Another interesting thing that is worth noting is that the unbounded parameter plays a crucial role for certain tasks, for example, only setting it to True can work for most safety-gymnasium tasks. This parameter controls whether to apply tanh activation on final logits of the policy network. I haven't figured out why, but I suspect that it might be related to the action sampling procedure: using a bounded sampling policy restricts the agent from exploring more actions on the boundary, and also the supervised learning in M-step fails to backpropagate the gradient through the tanh function.

You should be able to directly obtain the results I pasted above by running python examples/mlp/train_cvpo_agent.py --task Safety[xx]VelocityGymnasium-v1 --use_default_cfg 1 for the speed-constrained tasks. Note that you need to use the most recent Safety-Gymnasium on their Github and install from the source. If you want to try it with your own environments, you can simply change the example scripts from import gymnasium as gym to import gym, and modify the environment names here.

I will conduct more experiments regarding these hyperparameters and summarize them in the doc when I have more time in the future. Let's keep synced for the experiments.

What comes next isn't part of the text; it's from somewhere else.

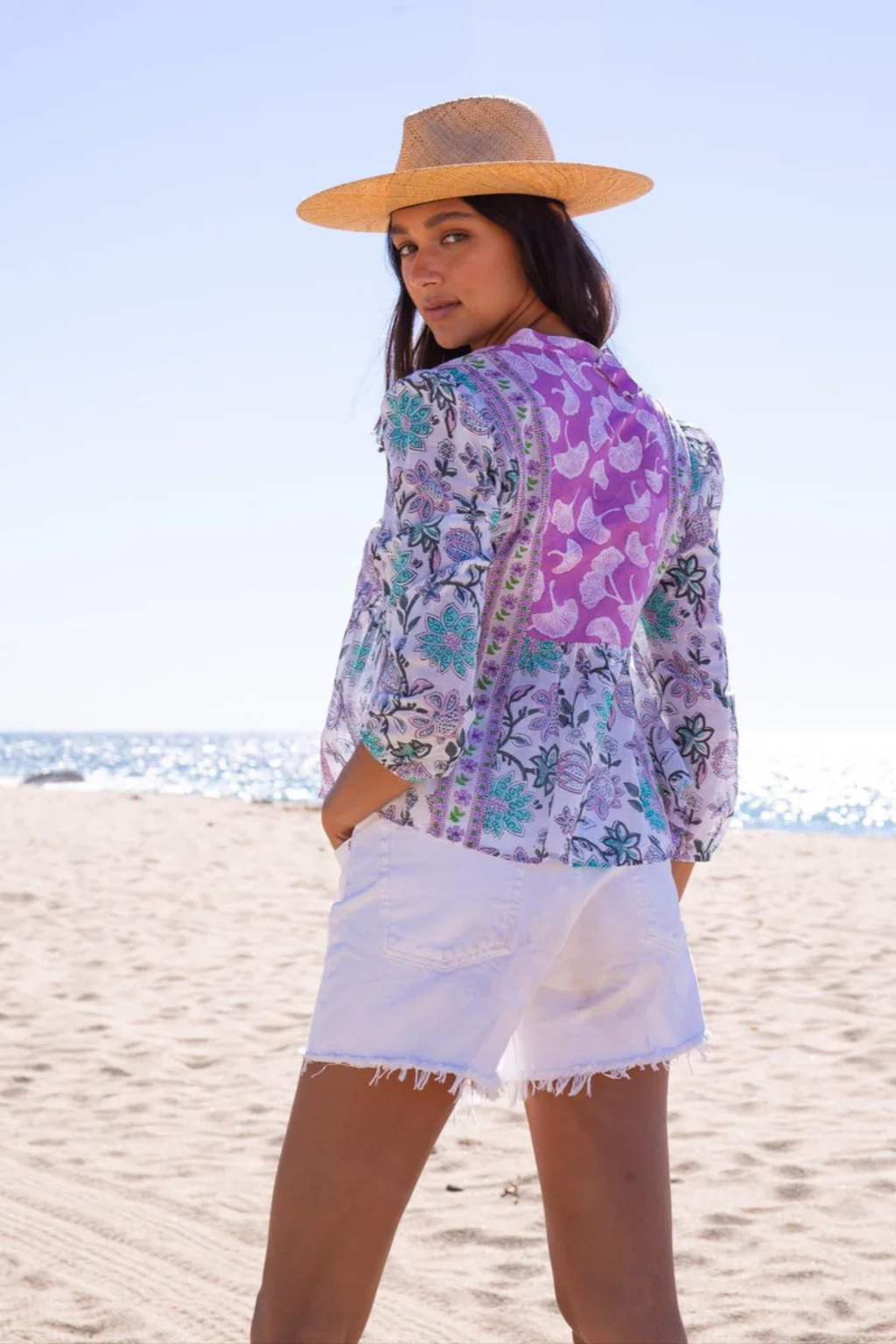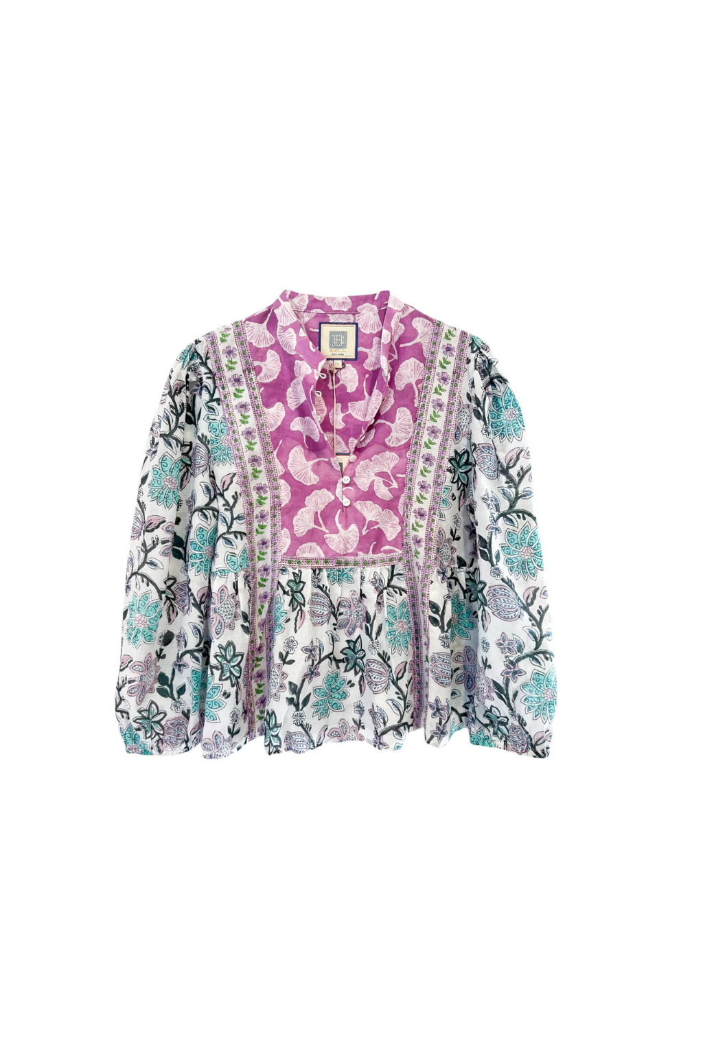 Silk cotton voile hand blocked top with long balloon sleeves, contrast yoke and button up detailing.

qianlin04 commented 1 year ago

Hi @liuzuxin, thank for your reply. It seems that the speed-constrained MuJoCo tasks I'm focusing on have some differences from SafetyGymnasium in cost function. The tasks I'm instereted in have constraints on the cumulative velocity, similar to those of FOPCOS and CUP ：

$$ \sum{t=0} \gamma^t v{t} < b $$

And the threshold values for all tasks are set to

{ 'Ant-v3': 103.115,
  'HalfCheetah-v3': 151.989,
  'Hopper-v3': 82.748,
  'Humanoid-v3': 20.140,
  'Swimmer-v3': 24.516,
  'Walker2d-v3': 81.886}

On the other hand, the cost in SafetyGymnasium seems to be $c_t = 1( vt < v{\max}) $, with threshold values of 25 for all tasks. I plan to conduct some experiments to see if the CVPO algorithm is effective in my setting as well.

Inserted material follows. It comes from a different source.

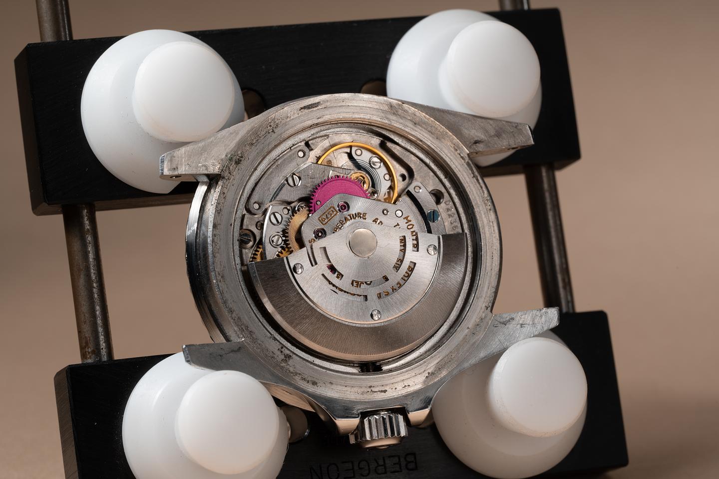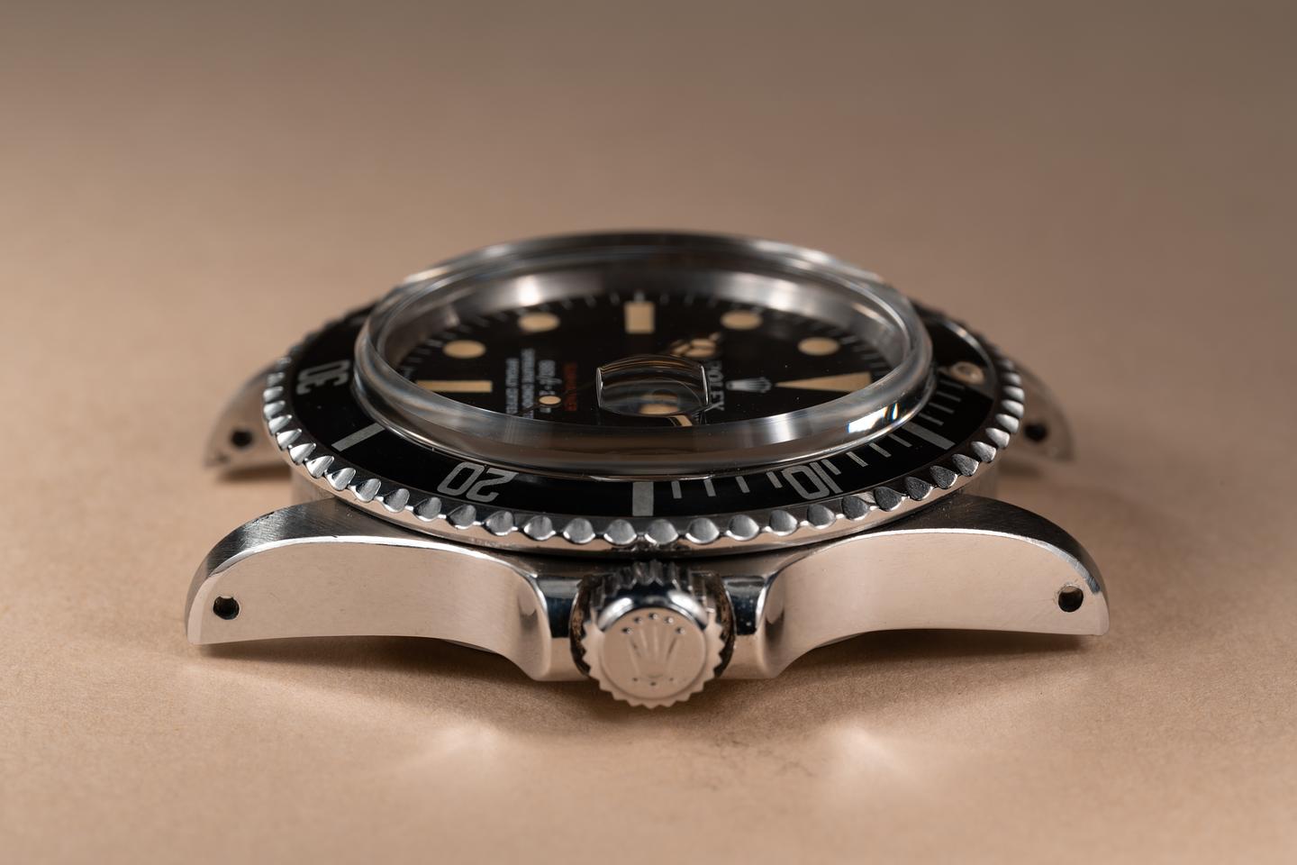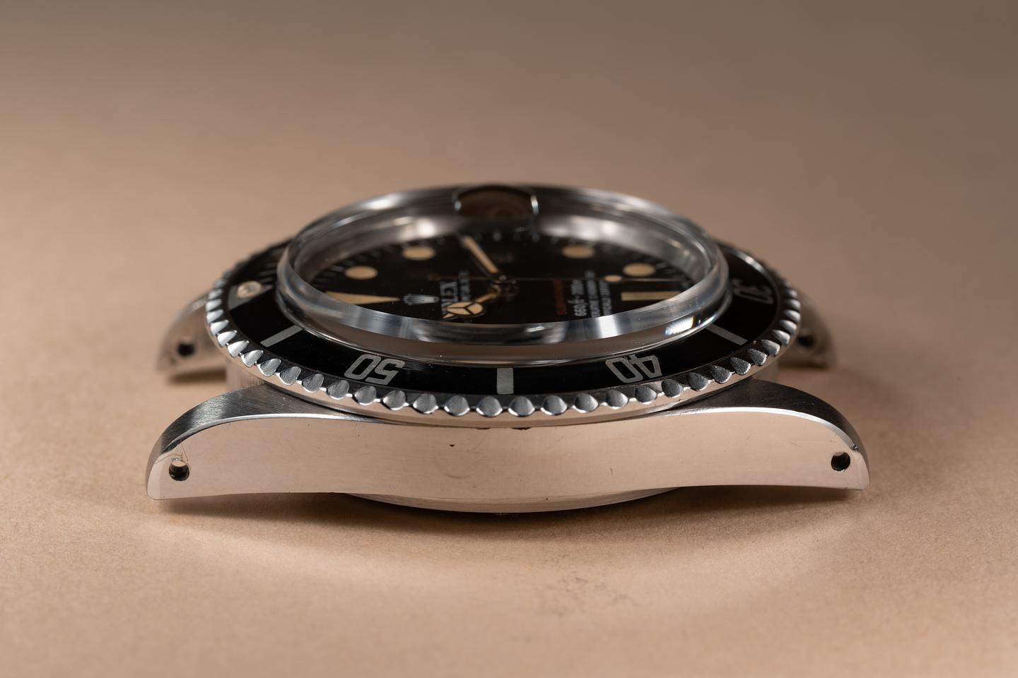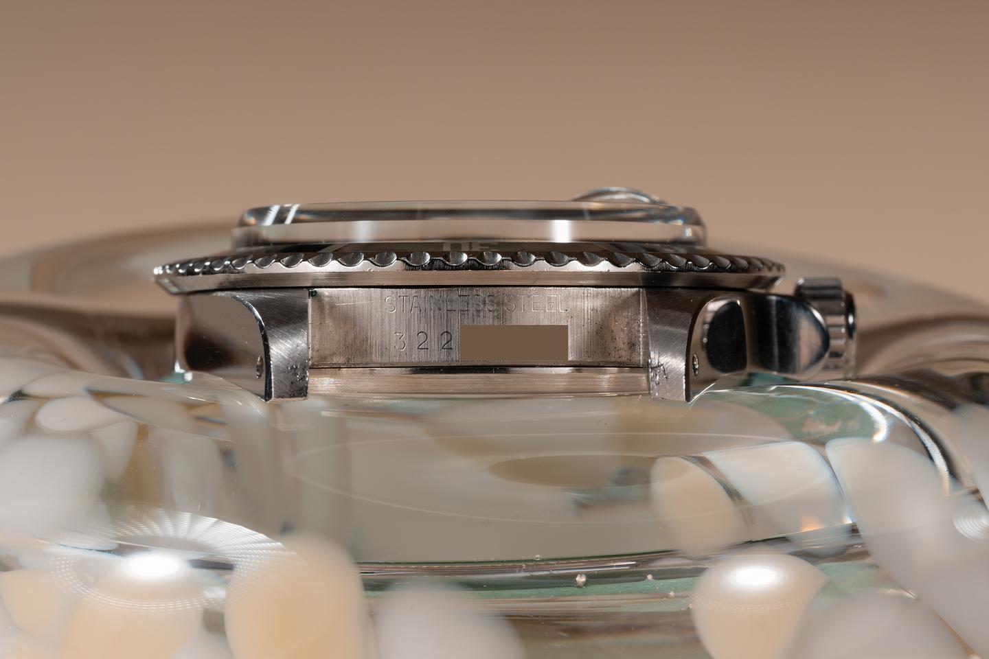 Case: The excellent case has been polished in the past showing wide, sharp, prominent bevels and some light wear from use. The black fat font bezel insert is also in excellent condition showing only very light wear from use.

qianlin04 commented 1 year ago

Hi @liuzuxin, I'm delighted to see that all the issues mentioned above have been resolved in the new implementation of CVPO. Under cumulative velocity constraint settings, CVPO works well without much parameter tuning for all environments except HalfCheetah. In HalfCheetah, the cost value estimation has satisfied the constraint (150), but the cumulative cost exceeds the threshold during evaluation (note that 'test/cost' has been discounted):

Untitled

Furthermore, there is a significant difference in the return for data collection and policy evaluation:

无标题

This problem did not occur in other environments. I am trying to fix it. Can you provide some suggestions?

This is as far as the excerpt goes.